> **TASK DIRECTIONS**
The data that follows is to be copied exactly, with each image removed.

━━ AVAILABLE DATA

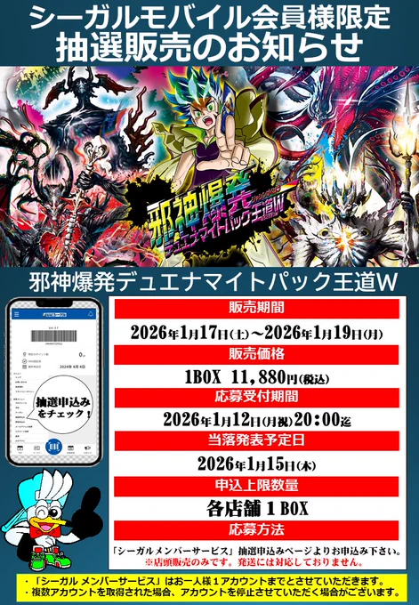 ✅抽選予約受付開始 1月17日(土)発売 #デュエル・マスターズTCG 邪神爆発デュエナマイトパック「王道W」 本日より抽選予約の受付を開始しました! シーガルモバイル会員 「ガルモバ」 よりお申し込みいただけます✨ ぜひご応募ください! ※応募締切:2026年1月12日(月祝)20:00まで
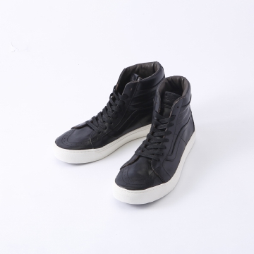 VANS Vault × HorweenのSk8-Hi。ホーウィンレザーらしい上質だけど独特の色むらのあるオイリーなレザーが特徴です。若干コーティングされたシューレースとホーウィンレザーの相性もグット。足首-かかとの内側部分のあてに貼られたレザーも上質で足入れの良い一足に仕上がっています。また、モデルスタイル名もSk8 – Hi Cup LXと付けられスタンダードなSk8よりOGなどのリイシュー型番に近いデザインです。ハイカットのトップ部分はステッチではなくレザーの縫い合わせに、ソールのサイドステッチやアウトソールの溝なども他のシリーズには無いの独特な仕様です。
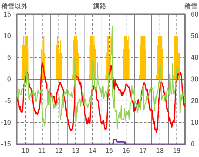 | 日 | 時 | 気温 | 降水 | 風向/風速 | 日照 | 積雪 | 降雪 |

━━━━

> **ANSWER SPACE**
 ✅抽選予約受付開始 1月17日(土)発売 #デュエル・マスターズTCG 邪神爆発デュエナマイトパック「王道W」 本日より抽選予約の受付を開始しました! シーガルモバイル会員 「ガルモバ」 よりお申し込みいただけます✨ ぜひご応募ください! ※応募締切:2026年1月12日(月祝)20:00まで
 VANS Vault × HorweenのSk8-Hi。ホーウィンレザーらしい上質だけど独特の色むらのあるオイリーなレザーが特徴です。若干コーティングされたシューレースとホーウィンレザーの相性もグット。足首-かかとの内側部分のあてに貼られたレザーも上質で足入れの良い一足に仕上がっています。また、モデルスタイル名もSk8 – Hi Cup LXと付けられスタンダードなSk8よりOGなどのリイシュー型番に近いデザインです。ハイカットのトップ部分はステッチではなくレザーの縫い合わせに、ソールのサイドステッチやアウトソールの溝なども他のシリーズには無いの独特な仕様です。
 | 日 | 時 | 気温 | 降水 | 風向/風速 | 日照 | 積雪 | 降雪 |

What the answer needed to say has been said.